▶ _Task to complete_: There is one span to output from the data below: the lines starting at the line with "國(guó)內(nèi)業(yè)界廠商" and ending at the line with "HDH Nithyananda Paramashivam". Output it exactly, ends included, nothing more.

▶ _Dataset excerpts_:
___

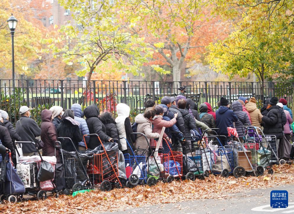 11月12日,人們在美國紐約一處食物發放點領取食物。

___

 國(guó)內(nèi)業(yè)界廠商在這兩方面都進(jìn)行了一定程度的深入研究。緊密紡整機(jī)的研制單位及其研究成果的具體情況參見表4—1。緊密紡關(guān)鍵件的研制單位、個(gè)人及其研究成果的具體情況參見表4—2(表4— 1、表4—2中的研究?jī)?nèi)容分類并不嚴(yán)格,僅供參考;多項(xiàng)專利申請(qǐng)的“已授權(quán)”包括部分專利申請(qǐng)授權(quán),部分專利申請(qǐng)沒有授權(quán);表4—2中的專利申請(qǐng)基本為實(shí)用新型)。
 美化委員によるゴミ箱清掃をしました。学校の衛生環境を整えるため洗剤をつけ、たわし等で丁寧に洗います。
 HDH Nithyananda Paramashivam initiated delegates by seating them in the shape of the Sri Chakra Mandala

___

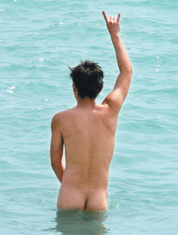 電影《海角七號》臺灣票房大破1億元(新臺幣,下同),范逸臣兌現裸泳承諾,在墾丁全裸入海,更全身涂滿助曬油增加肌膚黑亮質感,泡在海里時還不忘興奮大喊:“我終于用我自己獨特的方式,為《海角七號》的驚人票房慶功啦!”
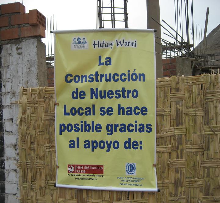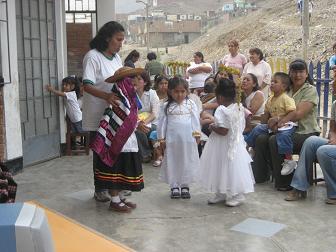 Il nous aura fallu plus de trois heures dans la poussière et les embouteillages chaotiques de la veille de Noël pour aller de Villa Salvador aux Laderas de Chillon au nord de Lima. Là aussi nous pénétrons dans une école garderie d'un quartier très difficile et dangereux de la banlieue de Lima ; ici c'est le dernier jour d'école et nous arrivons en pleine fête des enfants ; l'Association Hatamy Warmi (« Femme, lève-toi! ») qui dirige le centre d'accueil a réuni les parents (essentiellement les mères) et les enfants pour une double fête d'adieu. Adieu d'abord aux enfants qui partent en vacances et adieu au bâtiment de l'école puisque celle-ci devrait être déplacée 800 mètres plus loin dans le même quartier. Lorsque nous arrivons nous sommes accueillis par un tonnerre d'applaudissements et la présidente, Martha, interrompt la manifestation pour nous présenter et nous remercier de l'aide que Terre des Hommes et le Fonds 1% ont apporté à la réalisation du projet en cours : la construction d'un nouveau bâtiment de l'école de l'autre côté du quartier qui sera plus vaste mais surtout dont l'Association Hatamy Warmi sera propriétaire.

___

▶ _Result_:
 國(guó)內(nèi)業(yè)界廠商在這兩方面都進(jìn)行了一定程度的深入研究。緊密紡整機(jī)的研制單位及其研究成果的具體情況參見表4—1。緊密紡關(guān)鍵件的研制單位、個(gè)人及其研究成果的具體情況參見表4—2(表4— 1、表4—2中的研究?jī)?nèi)容分類并不嚴(yán)格,僅供參考;多項(xiàng)專利申請(qǐng)的“已授權(quán)”包括部分專利申請(qǐng)授權(quán),部分專利申請(qǐng)沒有授權(quán);表4—2中的專利申請(qǐng)基本為實(shí)用新型)。
 美化委員によるゴミ箱清掃をしました。学校の衛生環境を整えるため洗剤をつけ、たわし等で丁寧に洗います。
 HDH Nithyananda Paramashivam initiated delegates by seating them in the shape of the Sri Chakra Mandala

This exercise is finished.